_Activity_: Once the pictures are set aside, reproduce the remaining data exactly.

_Input data_:
....................

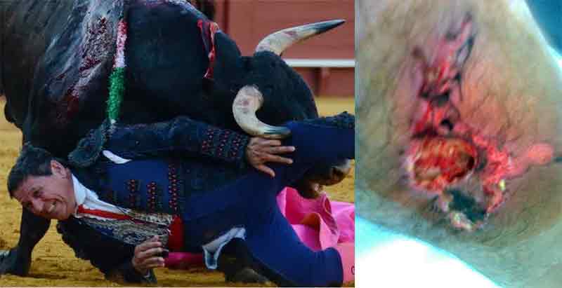 Nos lo encontramos estos días en Sanlúcar la Mayor, su pueblo, y nos cuenta de su viacrucis. En la siguiente novillada de la Maestranza (el mano a mano del día 3 de julio) se presenta Guerrero en la enfermería de la Maestranza para quitarse los puntos. Cuando se da cuenta se ve en el quirófano con anestesia y un hueco grande en la herida que se había cerrado en falso y tenía alguna derivación infectada, Desde entonces todo se complica. Ya no pueden suturar los doctores la llaga con puntos. Se queda abierta, como una fistula que debe cerrar de dentro afuera.
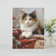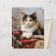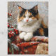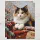Scrapbook paper featuring a painting of beautiful calico cat in a winter scene surrounded by red berries, pine sprigs and cozy fabrics.
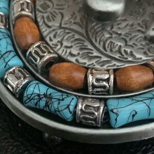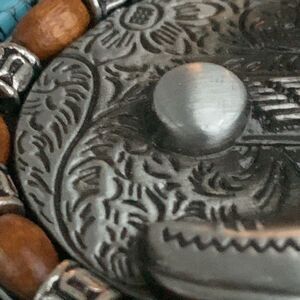 • Faux turquoise and wood-tone accents
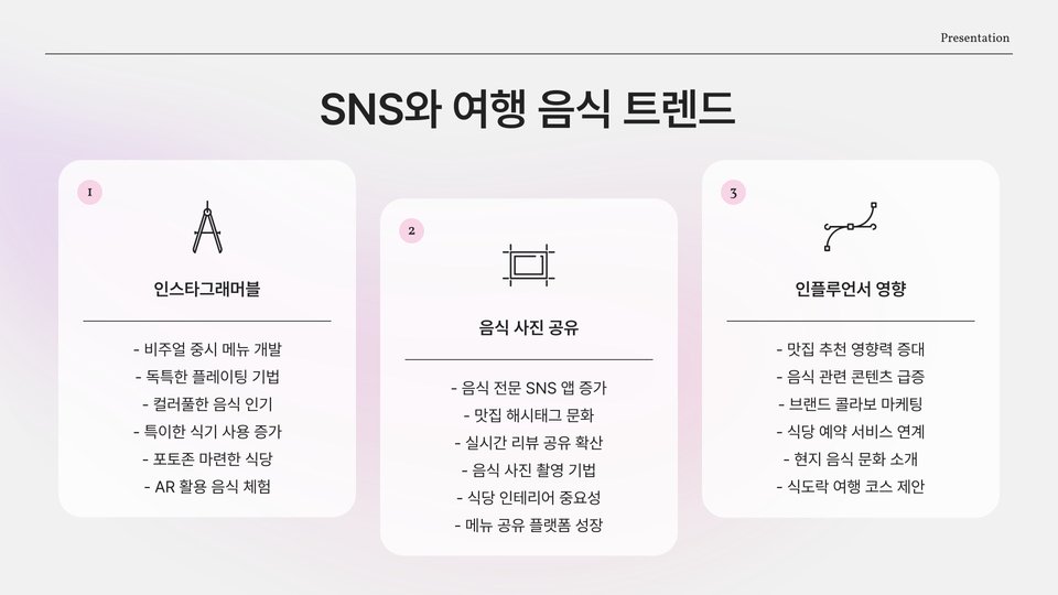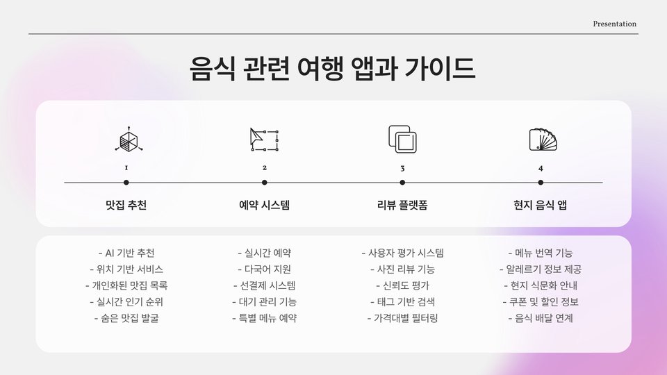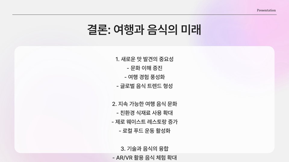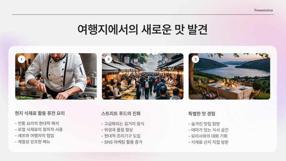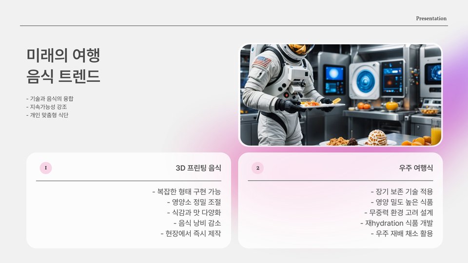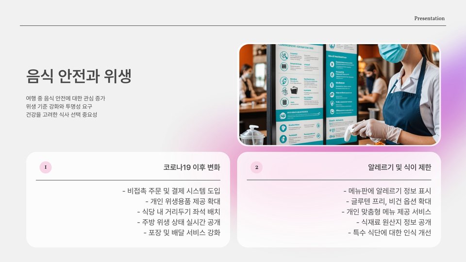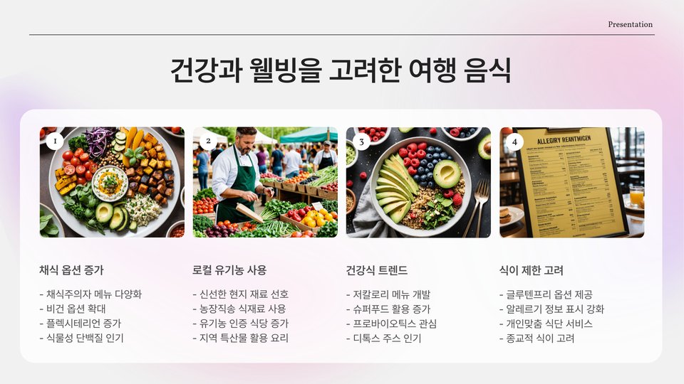 - 여행용 음식 트렌드는 건강식과 퓨전 요리로 발전하고 있다.

....................

_Output of the exercise_:
 Nos lo encontramos estos días en Sanlúcar la Mayor, su pueblo, y nos cuenta de su viacrucis. En la siguiente novillada de la Maestranza (el mano a mano del día 3 de julio) se presenta Guerrero en la enfermería de la Maestranza para quitarse los puntos. Cuando se da cuenta se ve en el quirófano con anestesia y un hueco grande en la herida que se había cerrado en falso y tenía alguna derivación infectada, Desde entonces todo se complica. Ya no pueden suturar los doctores la llaga con puntos. Se queda abierta, como una fistula que debe cerrar de dentro afuera.
Scrapbook paper featuring a painting of beautiful calico cat in a winter scene surrounded by red berries, pine sprigs and cozy fabrics.
 • Faux turquoise and wood-tone accents
 - 여행용 음식 트렌드는 건강식과 퓨전 요리로 발전하고 있다.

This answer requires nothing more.